# iCloud ne fonctionne plus (changement d'identifiant Apple)



## alinf34 (13 Décembre 2014)

Bonjour,

Ayant changé de FAI, j'ai changé mon identifiant Apple.

Ca fonctionne avec ma nouvelle adresse dans itunes Store, mais iCloud est resté sur mon ancienne adresse dans les préférences système. Toujours dans préférences iCloud, si je vais dans Détails du compte > Gérer l'identifiant Apple : c'est la nouvelle adresse qui est active !!!

J'ai pensé à fermer la session iCloud, toujours depuis les préférences iCloud, mais ça me signale que ça va effacer mes calendriers. Ils sont sur iCloud et je ne trouve pas comment ne plus les avoir sur iCloud, mais sur mon disque dur pour pouvoir tenter de réinitialiser mes préfs en fermant et relançant la session et avoir le bon identifiant Apple.

Sur mon iPad, dans Réglages > iCloud, j'ai aussi mon ancien identifiant, et là aussi aucun menu pour le modifier. Si je vais dans "identifiant oublié ", ma nouvelle adresse est inconnue alors qu'elle est valide sur le site d'Apple.

J'ai signalé mon problème à Apple, mais je n'ai jamais eu de réponse.

Bizarrement je peux synchroniser mon iPhone et mon iPad sur iCloud. Mais je ne peux pas transférer de dossiers.

Notamment je cherche à transférer un diaporama créé avec Keynotes vers mon iPad, mais je ne peux plus le faire. Si j'utilise Hubic, j'ai un dossier avec les images. Si je m'envoie le diaporama par mail, je peux le lire mais pas le mettre dans ma bibliothèque Keynotes, qui me demande d'utiliser... iCloud !
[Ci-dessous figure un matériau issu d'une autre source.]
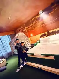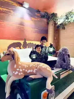 A while ago we stayed at the Gold Coast Hotel and had a great weekend. What surprised us most was that we stayed in a very thoughtfully themed room. The whole room was themed on a forest. There were two beds in the room, one with a forest jeep theme and the other for younger children. The room was filled with camping lights and the whole atmosphere was very forest-style, which made the children very excited and happy. There are also some stone-shaped cuckoo, giraffe and elephant stuffed dolls, which make the whole room very stylish.
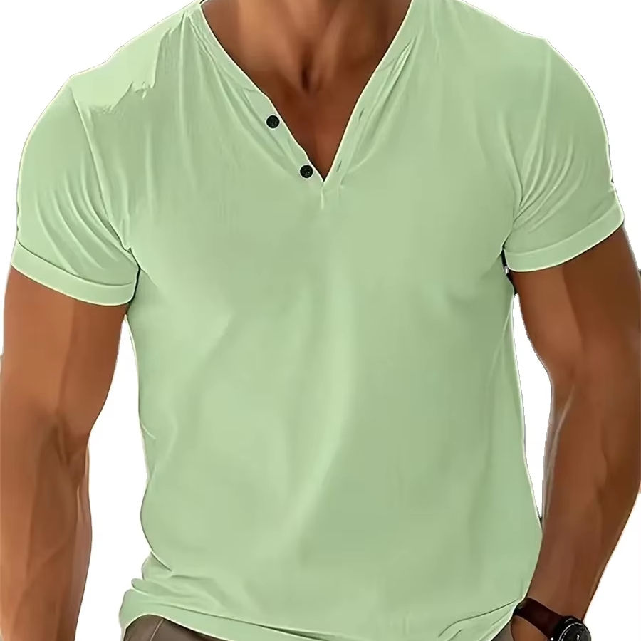 เสื้อทีเชิ๊ตผู้ชายผ้าแคนวาสแบบกระดุมเปิดใหม่สำหรับเสื้อโปโลแขนสั้นสีพื้นกันยับสำหรับเสื้อโปโลทรงหลวมฤดูร้อน

J'ai voulu passer par iTunes pour ajouter mon diaporama à Keynotes, mais là aussi il y a un gros problème : auparavant il y avait une interface dans iTunes qui permettait de sélectionner une app pour y ajouter un dossier, mais cette fonctionnalité a visiblement disparue du nouvel iTunes.
En tout cas je ne trouve pas dans iTunes quel menu permet d'accéder à des ajouts de fichiers dans une app.

Je ne peux donc plus transférer de diaporamas, d'e-books dans la bibliothèque de ces app sur mon iPAD, etc. parce qu'Apple a validé mon nouvel identifiant, mais me bloque des fonctionnalité du nuage car cet identifiant n'est pas reconnu pour certaines fonctionnalités.

Quelqu'un pourrait-il m'aider à transférer mon diaporama dans la bibliothèque de Keynotes sur mon iPad ? Comment transférer mes calendriers sur mon disque dur pour tenter de relancer iCloud ? (si Apple n'a pas supprimé cette possibilité) Comment ajouter des fichiers dans les app via iTunes ? (si Apple n'a pas supprimé cette fonctionnalité). 

Je précise que je suis sous Mavericks (pour le plus longtemps possible, car j'en ai marre des régressions qu'impose Apple et du cloud contraint et forcé).

Merci pour votre aide.

PS : sur mon iPad :
- Dans >réglages > iTunes Store et App Store : nouvelle adresse
- Dans > Réglages > iCloud : ancienne adresse


----------



## pascalformac (13 Décembre 2014)

alinf34 a dit:


> Bonjour,
> 
> Ayant changé de FAI, j'ai changé mon identifiant Apple.


et pourquoi donc?
Aucun besoin


----------



## Deleted member 18124 (14 Décembre 2014)

pascalformac a dit:


> et pourquoi donc?
> Aucun besoin



alinf34 devait utiliser l'adresse mail liée à son FAI précédent comme identifiant. Changer cet identifiant était nécessaire pour continuer à recevoir les mails envoyés par le service iCloud et l'iTunes Store.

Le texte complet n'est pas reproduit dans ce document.